# petites histoires autocollant pomme



## pil38 (16 Mai 2004)

avez vous une pomme sur la lunette arriere de votre voiture ? si oui a-t-elle deja servi a vous reconnaitre avec des macusers ...??? avez vous des petites anecdotes a ce sujet ???


----------



## macinside (16 Mai 2004)

mais si on a pas de voiture ?


----------



## TibomonG4 (16 Mai 2004)

Tu te balades avec une pomme croquée à la main comme Chagregel et ça devrait marcher aussi bien. C'est même mieux pour draguer les filles. Tu devrais essayer sur le stand du Pommier lors de l'Apple Expo


----------



## Anonyme (16 Mai 2004)

Non. Par contre j'ai un champignon à l'avant et un légume sur le siège passager.


----------



## iMax (16 Mai 2004)

J'ai pas de voiture, je peux pas voter


----------



## nato kino (16 Mai 2004)

Je les colle sur les voitures de sociétés qui vendent du PC !!


----------



## pil38 (16 Mai 2004)

moi je dis ca car un jour ca m'a servi lors d'un controle gendarmerie, j'avais papiers de la voiture mais pas de permis, le gendarme a regardé mon assurance ... en regle, le tour de la voiture ... tout allait, il a du voir la pomme car il m'a dit texto : "je vous met rein ... car il faut bien s'entraider ! d'autres corporations le font bien !".


----------



## Finn_Atlas (16 Mai 2004)

Lait ré tour !


----------



## TibomonG4 (16 Mai 2004)

nato kino a dit:
			
		

> Je les colle sur les voitures de sociétés qui vendent du PC !!

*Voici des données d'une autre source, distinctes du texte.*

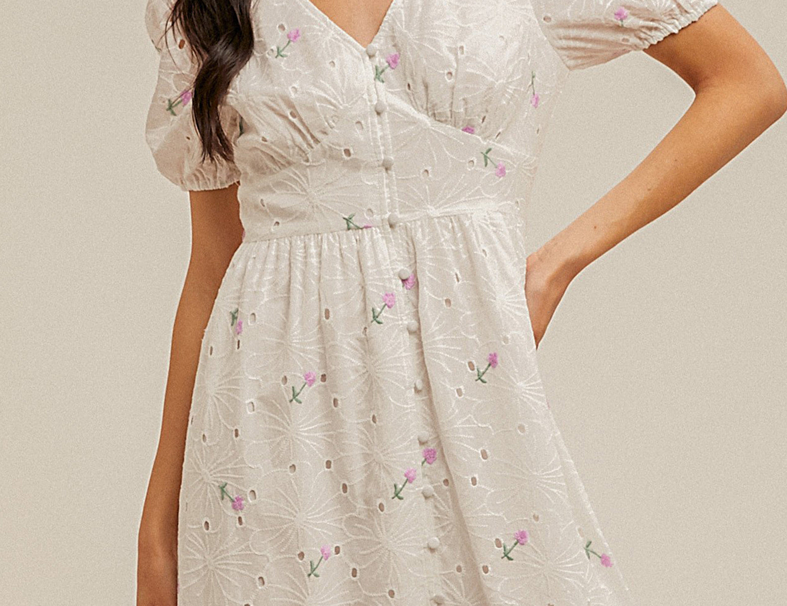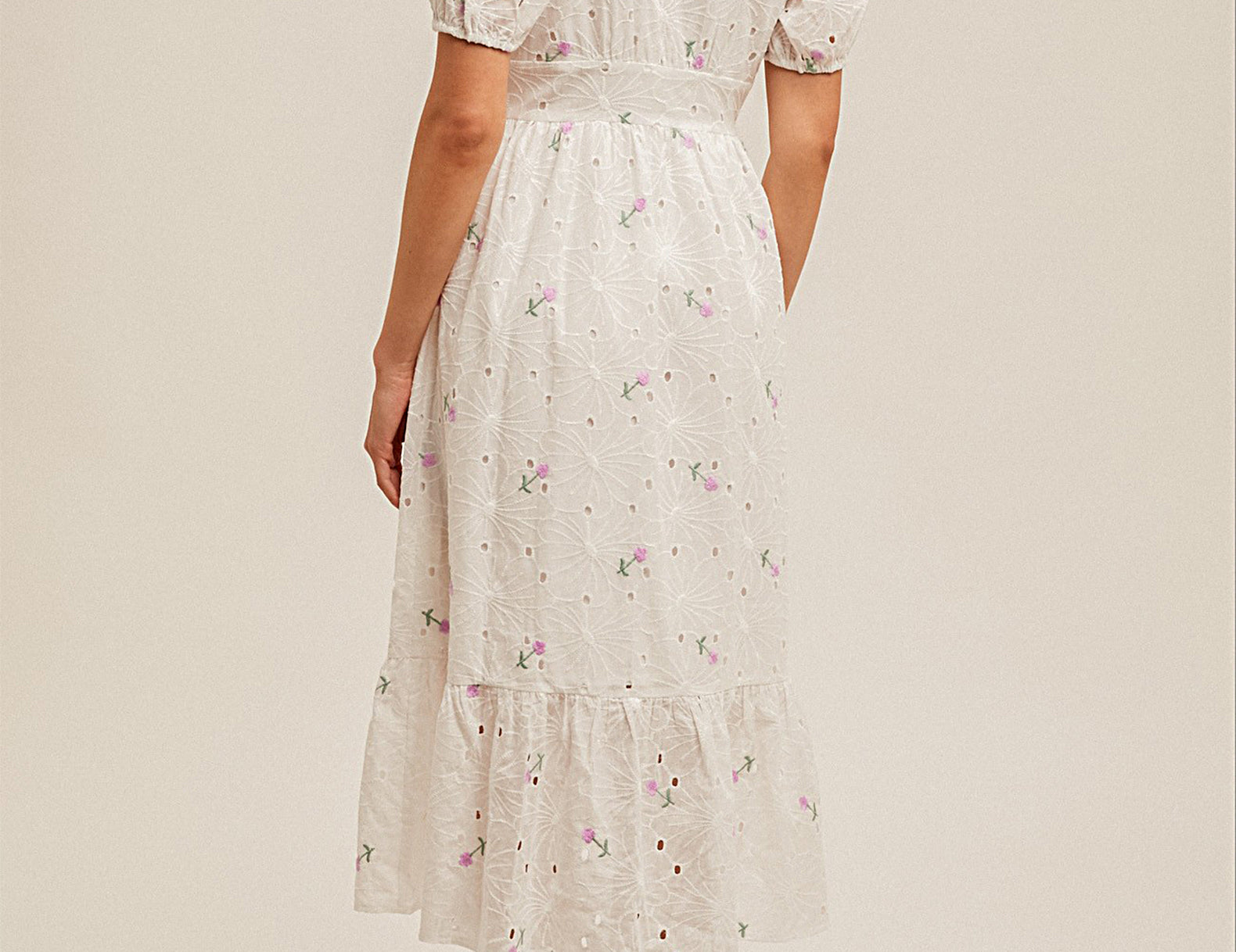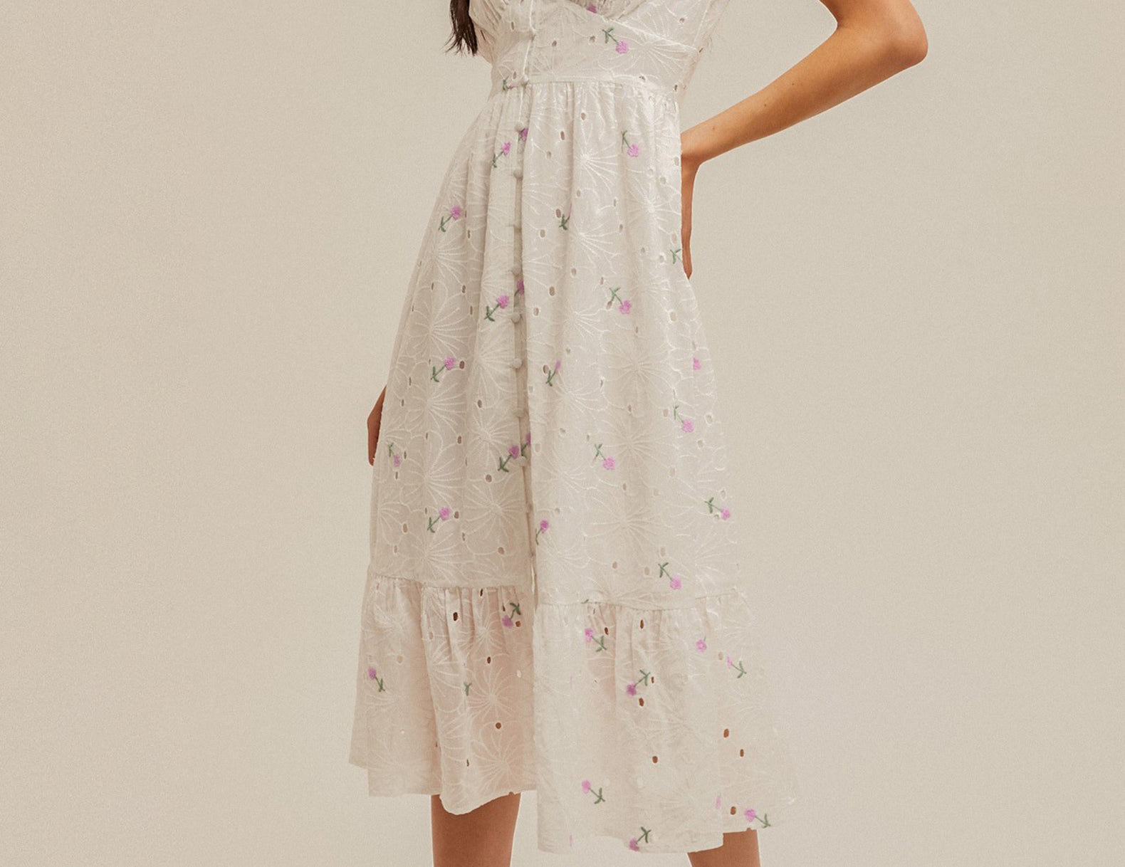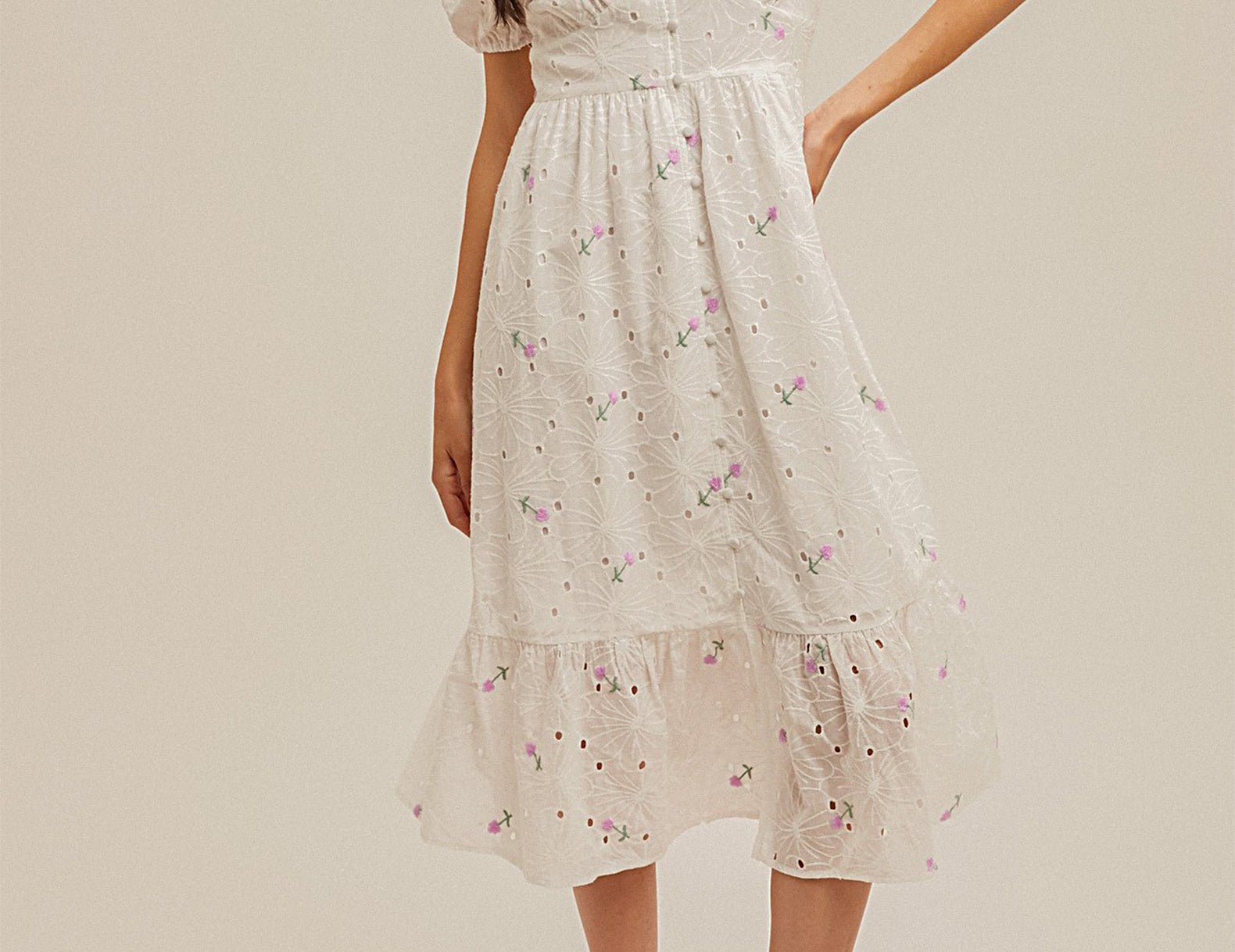 Undeniably romantic in embroidered eyelets, the Hathaway midi flatters in a smooth empire waist, with a covered button front that stretches into a breezy center slit at the tiered hemline. Textured in tonal embroidery and mini stitched florals, with puffed sleeves for a feminine finish—try this midi with strappy platforms or heeled boots.

Nato tu es un grand pervers


----------



## Anonyme (16 Mai 2004)

Moi j'ai un autocollant Microsoft sur ma poubelle et intel inside sur mon micro-ondes...


----------



## woulf (16 Mai 2004)

La seule fois ou j'ai collé un autocollant à la pomme sur ma bagnole, je me suis fait emboutir le coffre dans la semaine qui a suivi par un jeune con en audi tt en train de téléphoner et qui n'a pas vu qu'on était arrêté sur la voie d'accélération de l'autoroute pour cause de 38 tonnes arrivant à fond... 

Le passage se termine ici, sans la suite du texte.